Que a matemática está presente em
nosso cotidiano nós já sabemos, mas e em nossas pesquisas? Não me refiro aqui apenas
a cálculos para ajuste de concentração de drogas, diluições de anticorpos ou
mesmo cálculos de médias e desvios padrões. Refiro-me, sim, às pesquisas e
resultados baseados quase que exclusivamente em equações matemáticas.
De fato, análises in silico (simulação computadorizada),
baseadas em extensos cálculos matemáticos estão cada vez mais presentes nos
trabalhos da área biológica. E parecem ter grande importância em direcionar
pesquisas, reduzindo o uso de animais de laboratório, reagentes e tempo, além
de possibilitar a descoberta de novos alvos terapêuticos, indicação de toxicidade,
interações entre estruturas e mecanismos de ação.
Além disto, análises in silico podem também confirmar dados
já descritos, reforçando a consistência dos mesmos. Um exemplo disto é o
trabalho publicado recentemente na Plos
Computational biology, onde Song e colaboradores relatam, utilizando
análises in silico, a importância da
migração de neutrófilos no prognóstico da sepse grave induzida por CLP em ratos.

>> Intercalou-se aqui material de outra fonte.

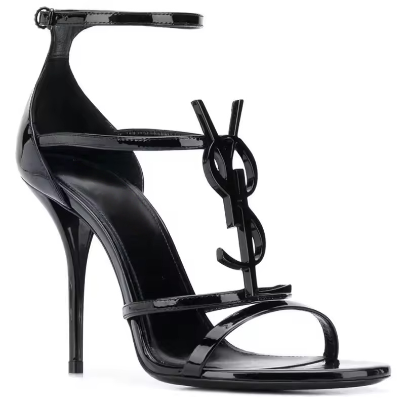 كعب نسائية صيفية جديدة مفتوحة الأصابع ذات كعب عالٍ باللون الأسود موديل 2025 ذات كعب رفيع على الطراز الفرنسي مع مشبك حروف وميزة زيادة الارتفاع

Baseado em longas e complexas equações, os autores avaliam a participação de
neutrófilos, bactérias, mediadores pró e anti-inflamatórios e marcadores de
dano tecidual em três compartimentos: cavidade peritoneal, sangue e pulmão, este
último considerado como um órgão passível de dano tecidual. Resultados in
silico indicam que durante o evento séptico, a ativação de neutrófilos na
circulação torna-os irresponsivos a migrar para o local da infecção e estes são,
consequentemente, sequestrados em órgãos secundários à infecção, contribuindo assim
para o dano tecidual e mortalidade na sepse grave. O interessante é que isto tem
sido demonstrado claramente, in vitro
e in vivo, em estudos desenvolvidos pelo
nosso grupo de pesquisa. O trabalho de Song e colaboradores ainda sugere que a
purificação extracorpórea do sangue aumentaria a sobrevida em torno de 18%, por
aumentar a migração de neutrófilos para o local da infecção e reduzir o sequestro
de neutrófilos para o pulmão.
É, de fato, interessante, pensar
que várias equações matemáticas juntas possam vir a nos ajudar a entender a
fisiopatologia da sepse ou outra desordem e nos direcionar para alguma terapia
realmente efetiva. Para isso, com certeza, precisaremos da ajuda de matemáticos,
físicos e estatísticos.
Fabiane Sonego
Doutoranda do Laboratório de Inflamação e Dor
Departamento de Farmacologia - FMRP/USP
Referências:
Song, S.O.K. et al. Ensemble
Models of Neutrophil Trafficking in Severe Sepsis. Plos Comput Biol (8)3,
1002422 (2012).
Shen, Y. et al. Blueprint for
antimicrobial hit discovery targeting metabolic networks. Proc. Natl Acad. Sci.
USA 107, 1082–1087 (2010).
Ellison, C.M. et al. A review
of the use of in silico methods to predict the chemistry of molecular
initiating events related to drug toxicity. Expert Opinion on Drug Metabolism
& Toxicology (7), 12, 1481-1495 (2011).
Matthews E.J. et al. Identification
of structure activity relationships for adverse effects of pharmaceuticals in
humans: C: Use of QSAR and an expert system for the estimation of the mechanism
of action of drug-induced hepatobiliary and urinary tract toxicities. Regul Toxicol
Pharmacol 54, 43–65 (2009).
Alves-Filho J.C. et al. Neutrophil paralysis in sepsis. Shock 34, 15-21 (2010).